--- Prompt ---
Extract the lines up to and including the one that contains "4年生の社会です。福島県内の市町村について調べ、発表の準備をしています。", starting with the first line of the entries below, and omit the pictures.

--- Given entries ---

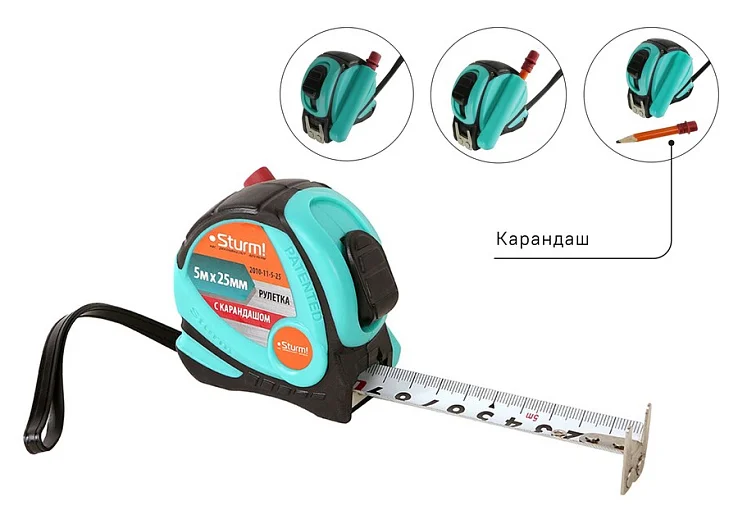 Корпус рулетки оснащён уникальным пеналом, благодаря чему карандаш будет всегда под рукой. Переход от замеров к разметке осуществляется максимально быстро!
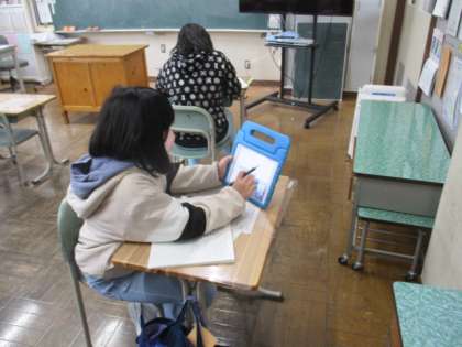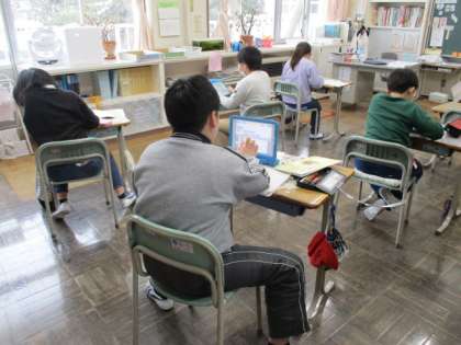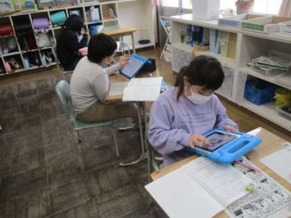 4年生の社会です。福島県内の市町村について調べ、発表の準備をしています。
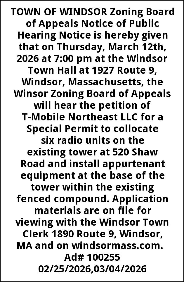 TOWN OF WINDSOR Zoning Board of Appeals Notice of Public Hearing Notice is hereby given that on Thursday, March 12th, 2026 at 7:00 pm at the Windsor Town Hall at 1927 Route 9, Windsor, Massachusetts, the Winsor Zoning Board of Appeals will hear the petition of T-Mobile Northeast LLC for a Special Permit to collocate six radio units on the existing tower at 520 Shaw Road and install appurtenant equipment at the base of the tower within the existing fenced compound. Application materials are on file for viewing with the Windsor Town Clerk 1890 Route 9, Windsor, MA and on windsormass.com. Ad# 100255 02/25/2026,03/04/2026
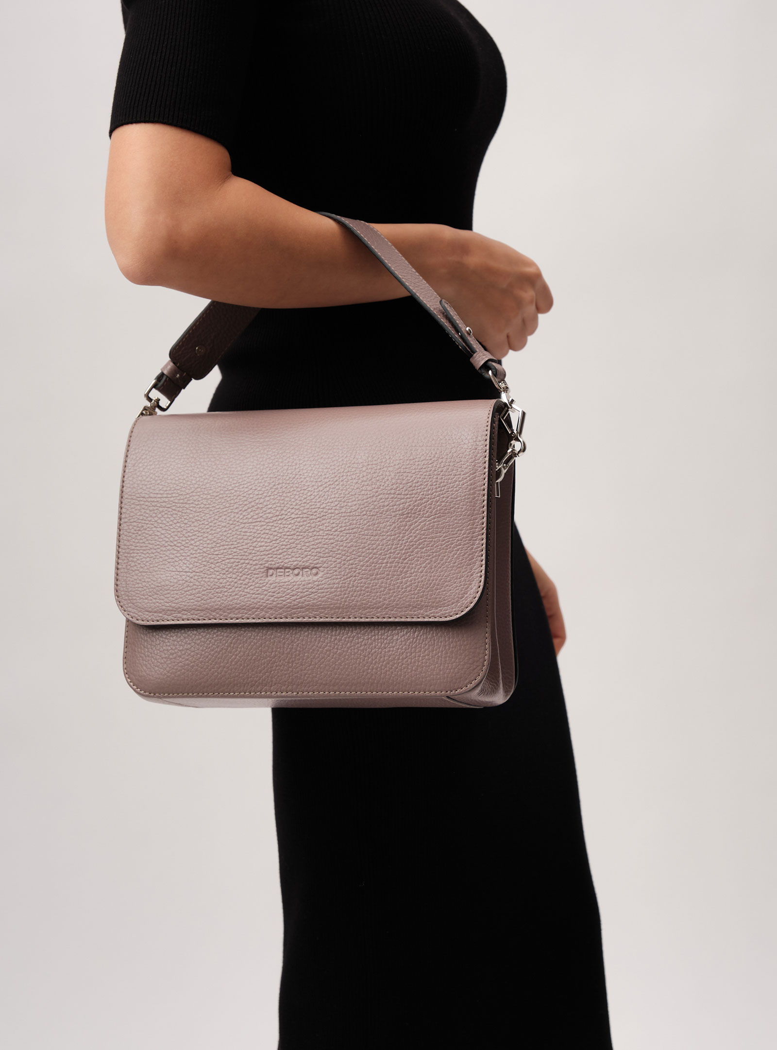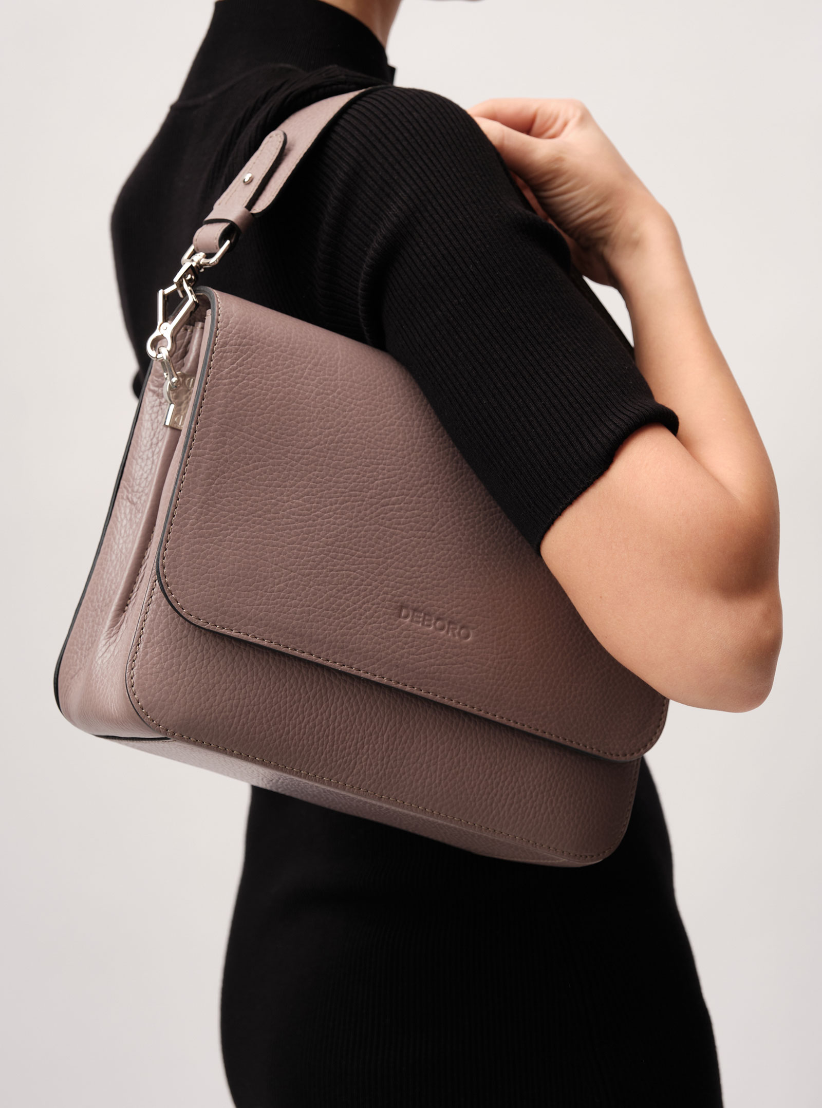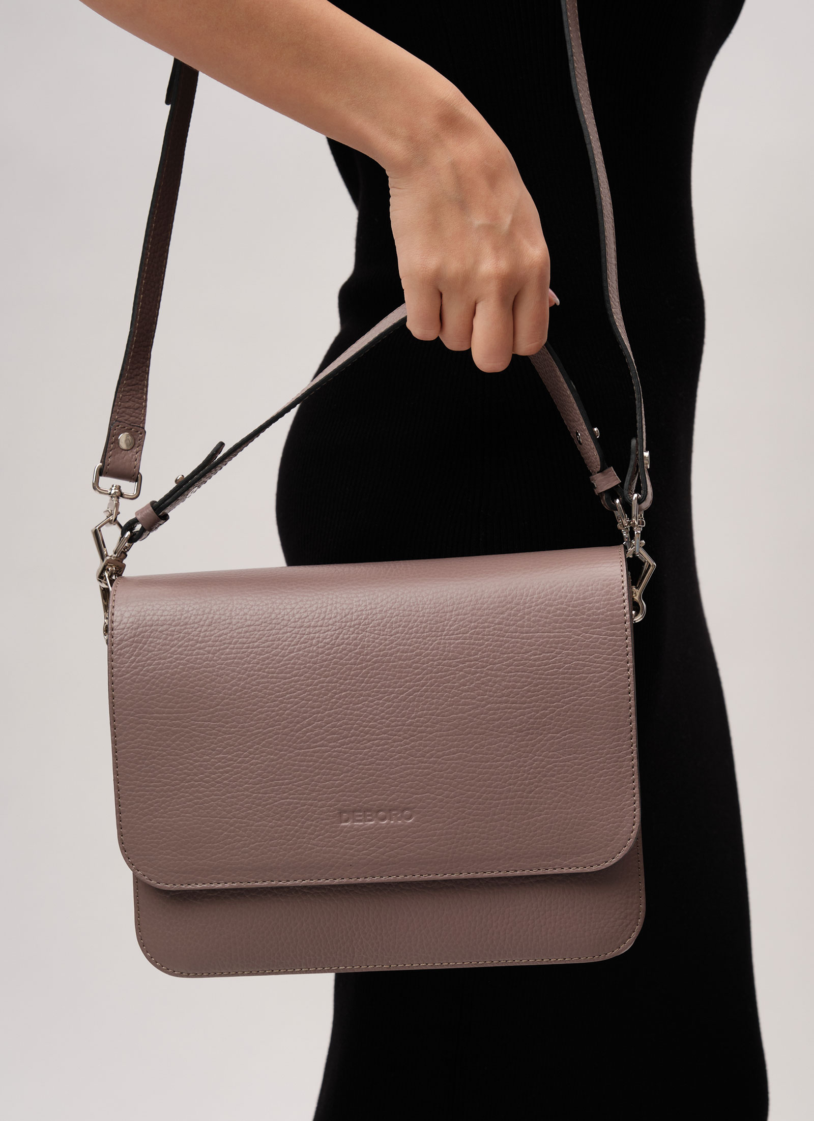 Женская кожаная сумка Deboro 30494 розово-серый из натуральной кожи.
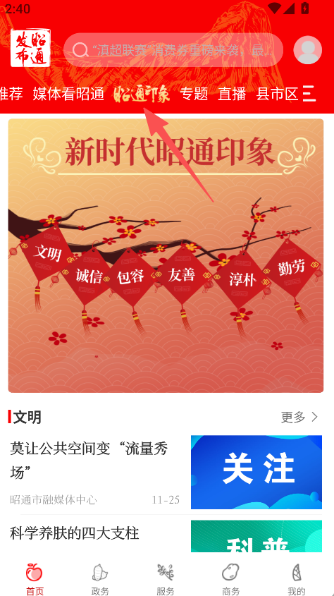 1、聚焦昭通本地内容,设置昭通印象、文明等板块,呈现新时代昭通主题内容及本地各类资讯。

--- Task output ---
 Корпус рулетки оснащён уникальным пеналом, благодаря чему карандаш будет всегда под рукой. Переход от замеров к разметке осуществляется максимально быстро!
 4年生の社会です。福島県内の市町村について調べ、発表の準備をしています。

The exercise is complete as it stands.